Rob had no interest in kissing the stone, but he went along to keep me company. In fact, he was actually kind of grossed out by the fact that I wanted to kiss the stone. Everyday, countless tourists plant a wet one on this stone and Rob wasn’t keen on swapping spit with any of these random people. I can’t say I blame him. I almost backed out of doing it myself because the thought of that was somewhat disturbing. But, in the end, this was something that I just felt I had to cross off my bucket list. So I laid on my back, grabbed the hand rails and then tilted my head back and smooched the Blarney Stone. This, apparently, is supposed to give me the gift of gab.
And at that point, Rob might as well have kissed the stone too because I was surely going to pass on those cooties to him anyway! But he held his ground and made me go wash my lips off at the nearest restroom. Even after that, he was hesitant to give me a kiss.
With my bucket list a little shorter, we finished the drive to Cobh. Cobh was a really pretty town, but unfortunately, it was a dreary day outside. The skies were grey and it rained quite a bit. Unwilling to let the weather deter us, we started to explore the town which has quite a fascinating history. The town was first called Cobh in 1750 and kept that name for one-hundred years until it was changed to Queenstown to commemorate a visit by Queen Victoria. It kept the name Queenstown until 1922 when the name was changed back to Cobh with the foundation of the Irish Free State.
Cobh is a major transatlantic port and it is where nearly half of the Irish emigrants departed from Ireland on their way to North America. This statue along the waterfront is of Annie Moore and her brothers. They emigrated from this port in 1892 and Annie Moore was the first recorded immigrant to process through Ellis Island.

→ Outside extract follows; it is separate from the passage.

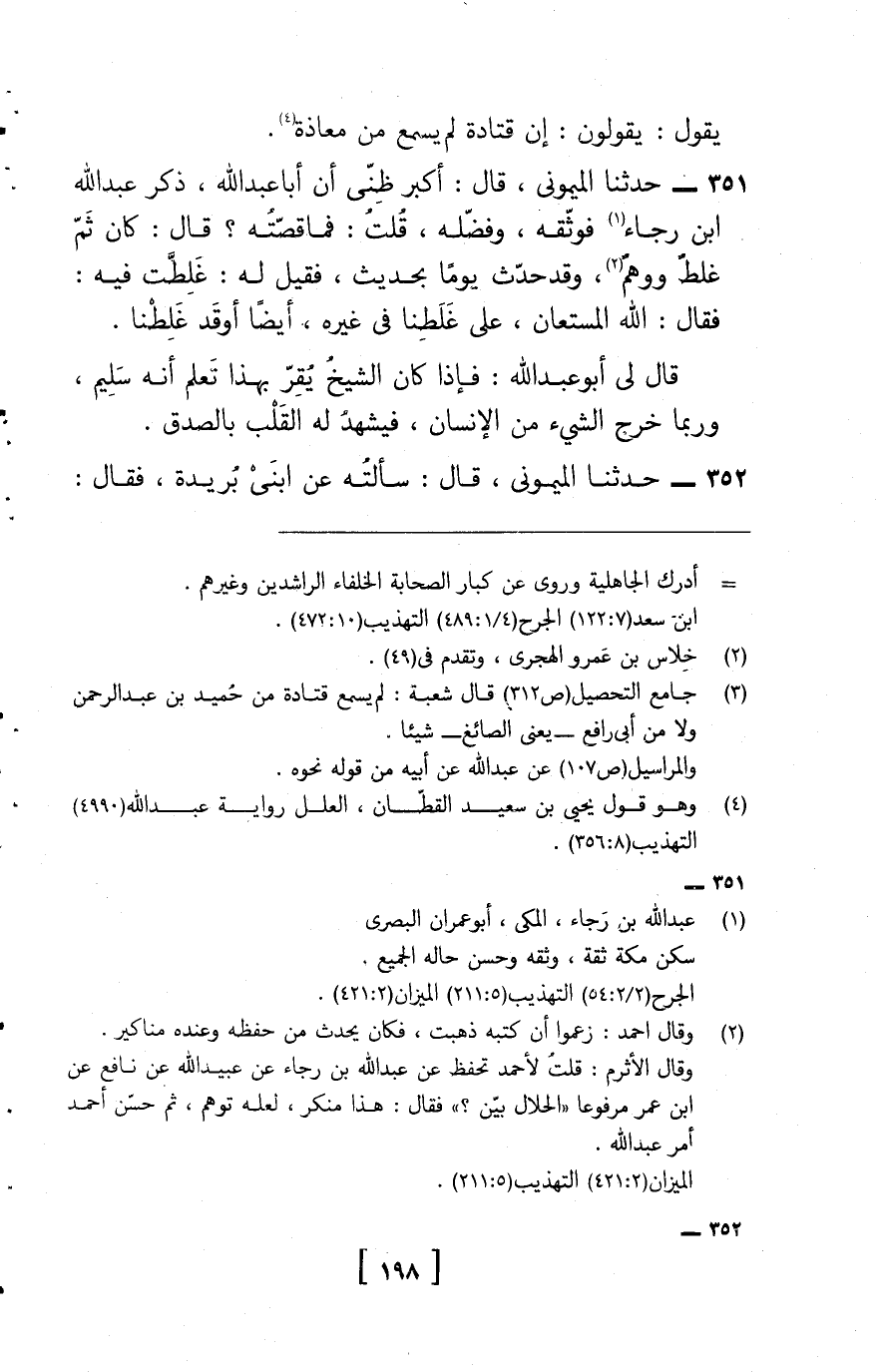 351 - حَدثنَا الْمَيْمُونِيّ، قَالَ: أكبر ظَنِّي أَن أَبَا عبد الله ذكر عبد الله بن رَجَاء , فوثقه وفضله، قلت: فَمَا قصَّته؟ قَالَ: كَانَ ثمَّ غلط , وَوهم وَقد حدث يَوْمًا بِحَدِيث، فَقيل لَهُ: غَلطت فِيهِ , فَقَالَ: الله الْمُسْتَعَان، على غلطنا فِي غَيره، أَيْضا أَو قد غلطنا.

Cobh was also the final port of the Titanic before it set sail to cross the Atlantic. 123 passengers boarded the ship from this port. They entered through the White Star Line building and then boarded tenders which took them to the ship. Only 44 of these passengers survived. The White Star Line building is now home to a Titanic Museum. This year marks the 100th anniversary of the sinking of the Titanic.
Plaques like these can be found outside businesses (and inside souvenir shops) all over Cobh.

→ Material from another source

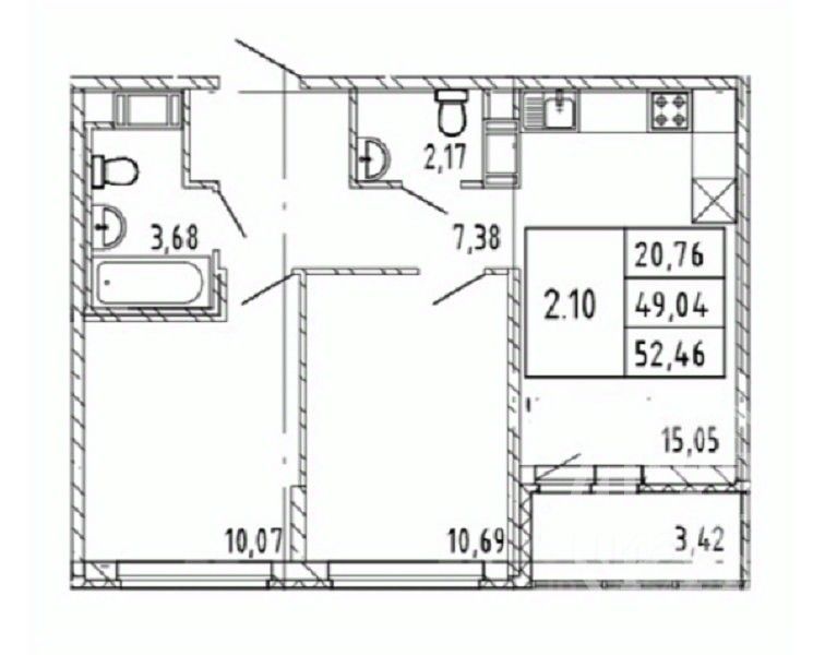 Продам большую 2- комнатную квартиру с кухней- гостинной на 7 этаже в ЖК Новые Горизонты.

Another tragedy, the Lusitania was sunk by a German U-Boat off the Old Head of Kinsale while en route to Liverpool in 1915. 1,198 passengers died, while 700 were rescued. The survivors and victims were brought to Cobh, and over one hundred lie buried in the Old Church Cemetery just north of the town. The Lusitania Peace memorial is located in Casement Square.

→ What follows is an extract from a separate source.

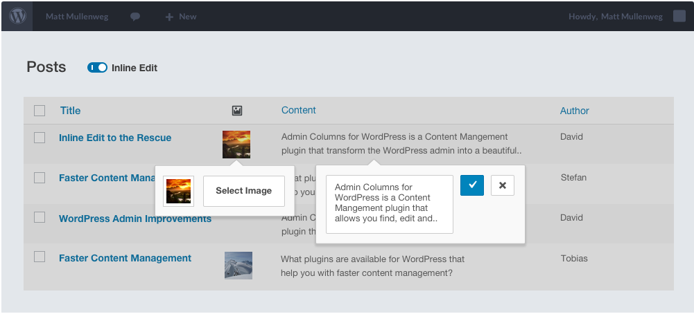 使用Admin Columns Pro,你可以在列表中直接修改內容,而不需要點擊Edit、進入詳情頁修改、提交。

St. Colman’s Cathedral sits on a high point in the town and it is one of the tallest buildings in Ireland. While we were there, we were able to hear the carillon church bells being played. The music was wonderful and after a short walk up the hill and into the church we were able to watch the woman playing the carillon live via a video screen. The batons (keys) of the carillon are arranged similar to the keys on a piano. However, she had to exert far more energy to strike the batons than a pianist would have to, to hit the keys of a piano. It required the palms of her hands or even fists to press the batons.
After the carillon was doing being played, we left Cobh and headed back to Adare. Rather than going out to a pub again, we decided to find out what Chinese food tasted like in Ireland. For some silly reason, I have always gotten a kick out of the fact that they call it “take-away” rather than “take-out.” So, in order to get the full experience, I wanted to order take-away. We found a menu online for the Golden Dragon in Adare and then we went to pick up our take-away. It was pretty similar to Chinese food at home, but I think I like our Chinese take-out a bit more. Besides, they didn’t give us any fortune cookies; just these weird styrofoam-looking cracker things. Now that I think about it, we probably should have taken a picture of those.